## TASK DESCRIPTION
Your output should be the lines below from the one with "A házat körülölelő" through the one with "Diskusi yang diselenggarakan", copied exactly, pictures excluded.

## GIVEN DATA
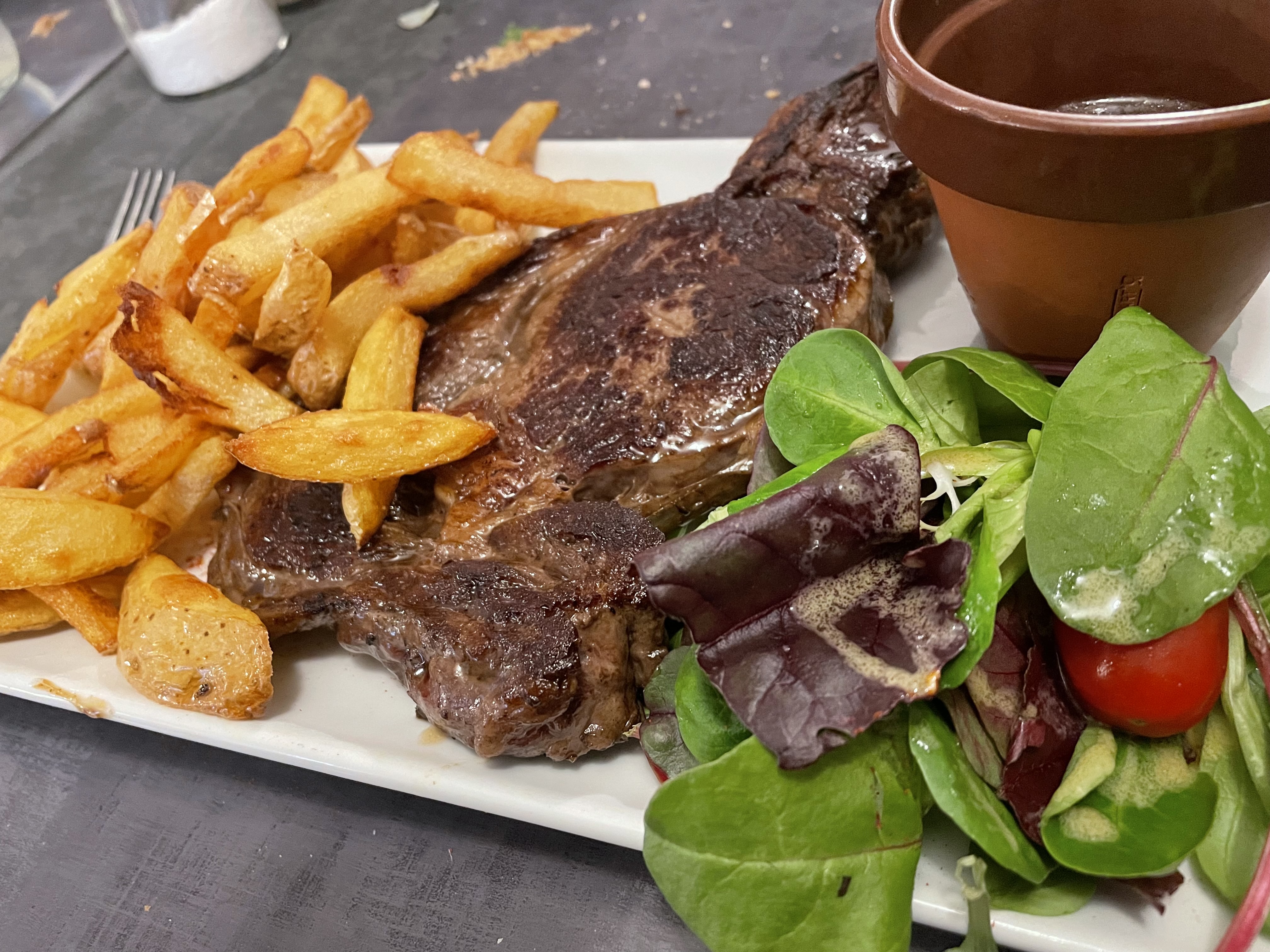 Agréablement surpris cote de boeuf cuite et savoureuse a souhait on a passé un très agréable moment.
---
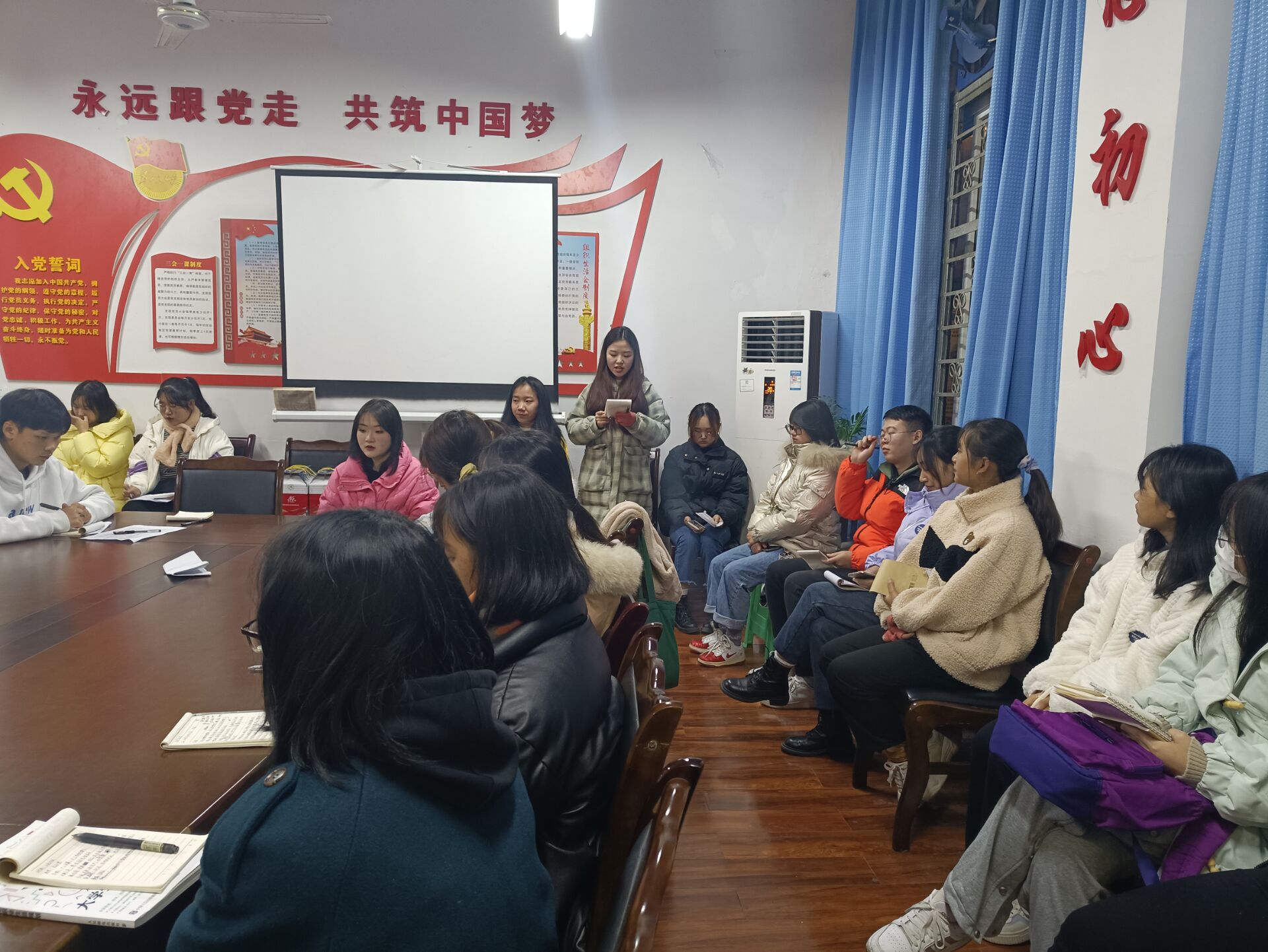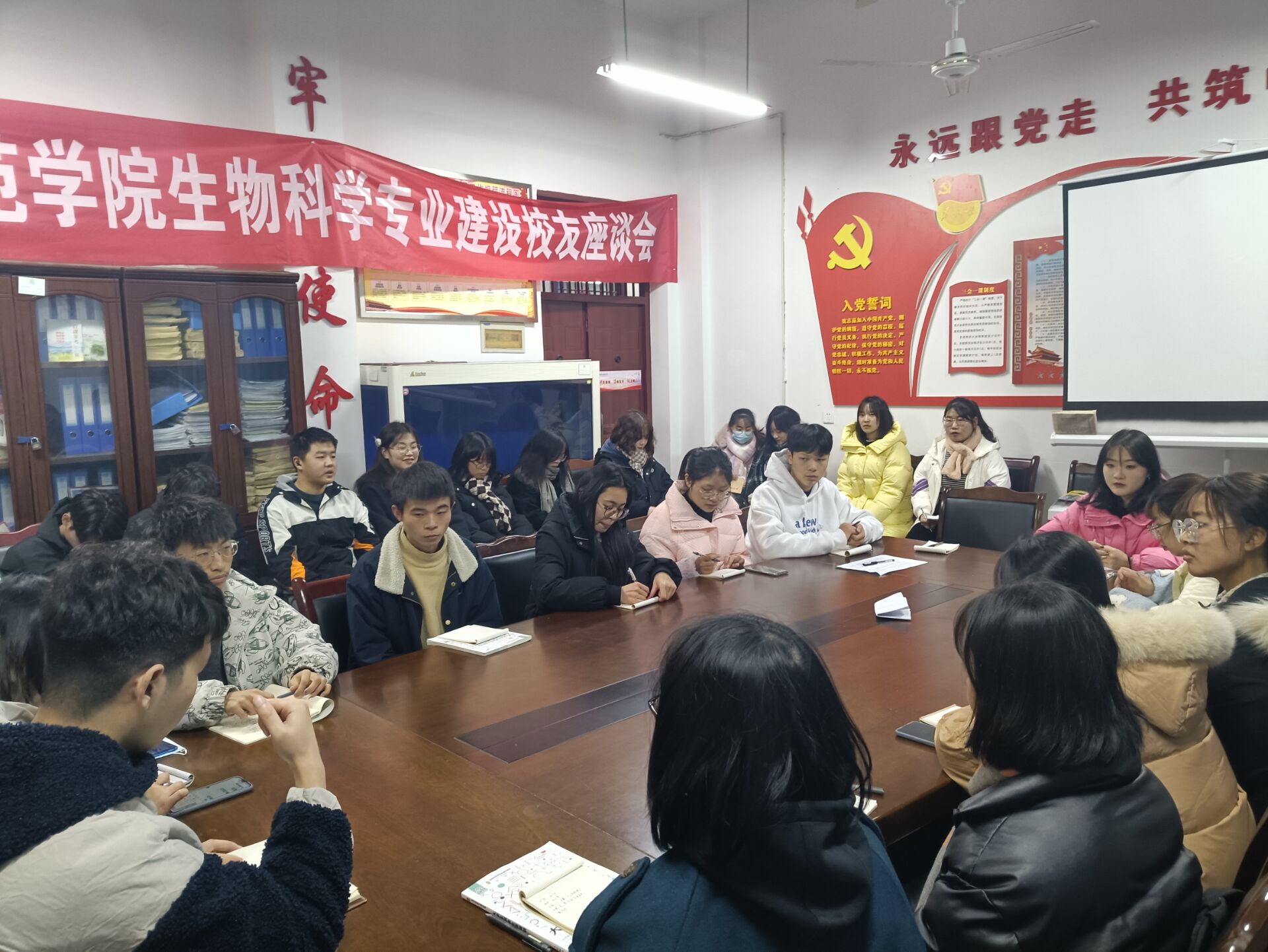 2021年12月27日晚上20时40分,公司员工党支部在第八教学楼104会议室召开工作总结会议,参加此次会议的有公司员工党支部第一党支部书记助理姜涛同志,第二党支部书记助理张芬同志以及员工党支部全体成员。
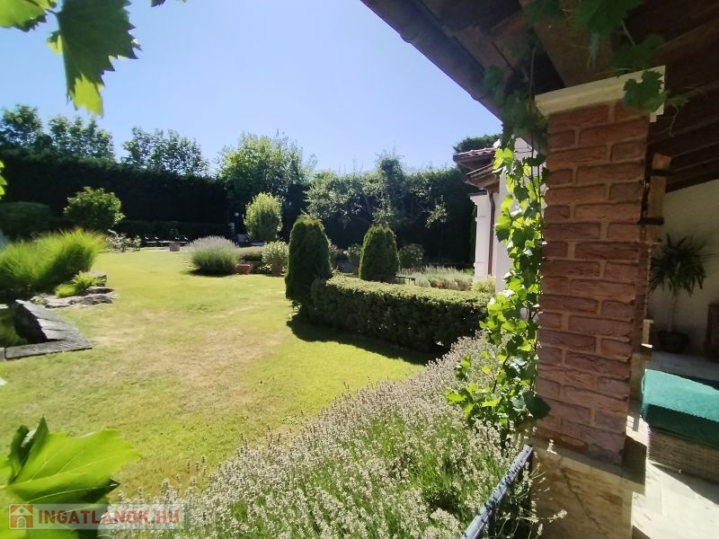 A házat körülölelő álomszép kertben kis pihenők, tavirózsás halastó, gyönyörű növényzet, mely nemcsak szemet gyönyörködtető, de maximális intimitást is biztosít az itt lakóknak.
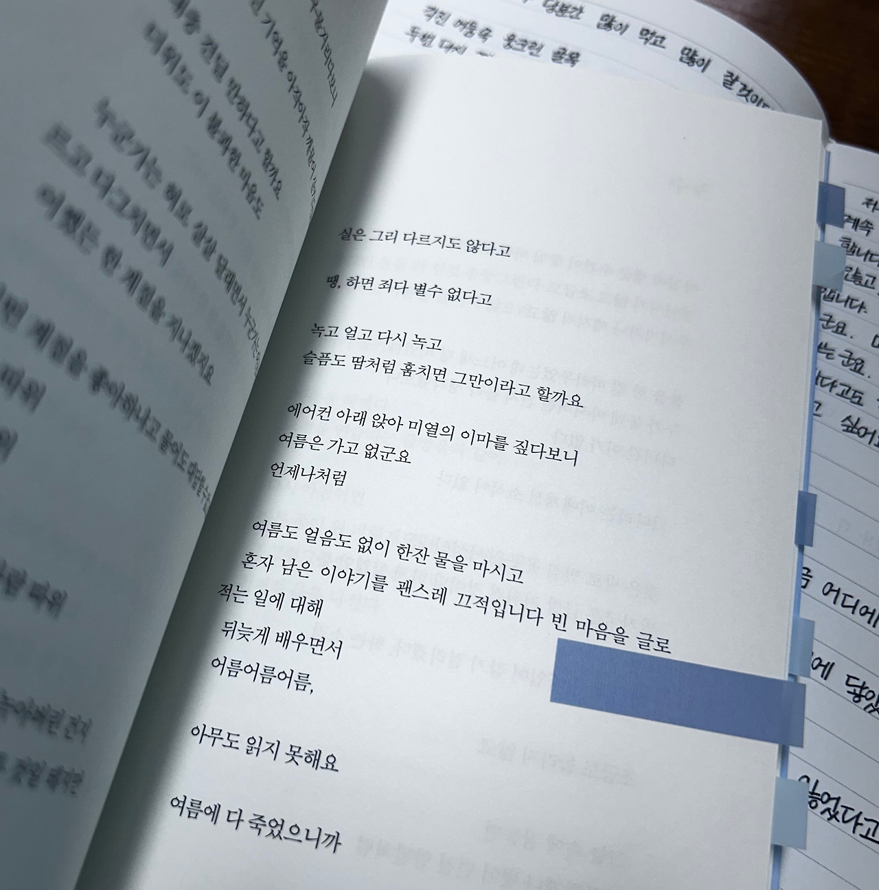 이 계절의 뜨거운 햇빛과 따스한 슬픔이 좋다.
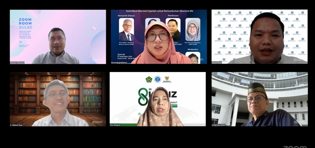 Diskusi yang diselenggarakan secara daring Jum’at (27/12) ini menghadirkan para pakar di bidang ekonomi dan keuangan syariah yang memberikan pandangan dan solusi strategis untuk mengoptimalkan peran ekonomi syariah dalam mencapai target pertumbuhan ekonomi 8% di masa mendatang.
---
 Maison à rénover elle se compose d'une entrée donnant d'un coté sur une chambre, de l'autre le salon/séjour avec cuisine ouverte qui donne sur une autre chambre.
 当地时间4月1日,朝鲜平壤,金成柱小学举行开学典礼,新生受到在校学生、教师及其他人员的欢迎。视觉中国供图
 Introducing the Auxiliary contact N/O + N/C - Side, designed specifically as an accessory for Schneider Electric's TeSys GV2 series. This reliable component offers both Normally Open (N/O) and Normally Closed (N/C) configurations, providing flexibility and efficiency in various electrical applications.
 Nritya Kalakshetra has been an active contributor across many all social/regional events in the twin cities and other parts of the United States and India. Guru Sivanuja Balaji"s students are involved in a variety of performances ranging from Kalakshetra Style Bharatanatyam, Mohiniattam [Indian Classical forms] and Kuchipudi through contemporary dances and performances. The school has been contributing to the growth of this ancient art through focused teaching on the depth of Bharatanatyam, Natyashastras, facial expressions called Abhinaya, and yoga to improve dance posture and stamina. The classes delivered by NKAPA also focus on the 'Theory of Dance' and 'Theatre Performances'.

## EXERCISE RESULT
 A házat körülölelő álomszép kertben kis pihenők, tavirózsás halastó, gyönyörű növényzet, mely nemcsak szemet gyönyörködtető, de maximális intimitást is biztosít az itt lakóknak.
 이 계절의 뜨거운 햇빛과 따스한 슬픔이 좋다.
 Diskusi yang diselenggarakan secara daring Jum’at (27/12) ini menghadirkan para pakar di bidang ekonomi dan keuangan syariah yang memberikan pandangan dan solusi strategis untuk mengoptimalkan peran ekonomi syariah dalam mencapai target pertumbuhan ekonomi 8% di masa mendatang.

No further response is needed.